§ **Task directions**:
Only a slice of the listing below is wanted. Retype the lines from the one containing "일단 비디오스튜의 장점은" through the one containing "Слайд 35Убежища —", exactly, both ends included.

§ **Extracted entries**:
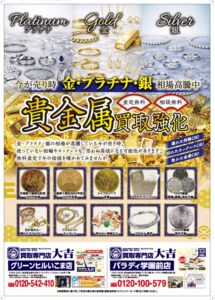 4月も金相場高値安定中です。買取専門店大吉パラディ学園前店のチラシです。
...
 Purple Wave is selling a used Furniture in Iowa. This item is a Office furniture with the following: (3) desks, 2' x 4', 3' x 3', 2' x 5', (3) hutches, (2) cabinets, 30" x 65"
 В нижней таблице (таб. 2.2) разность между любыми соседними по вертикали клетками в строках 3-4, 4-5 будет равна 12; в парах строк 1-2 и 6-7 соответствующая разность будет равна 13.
--
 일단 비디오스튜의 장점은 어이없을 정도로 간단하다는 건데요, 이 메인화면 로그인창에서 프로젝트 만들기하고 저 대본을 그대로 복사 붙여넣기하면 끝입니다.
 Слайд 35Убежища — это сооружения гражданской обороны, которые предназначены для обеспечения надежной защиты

§ **Task result**:
 일단 비디오스튜의 장점은 어이없을 정도로 간단하다는 건데요, 이 메인화면 로그인창에서 프로젝트 만들기하고 저 대본을 그대로 복사 붙여넣기하면 끝입니다.
 Слайд 35Убежища — это сооружения гражданской обороны, которые предназначены для обеспечения надежной защиты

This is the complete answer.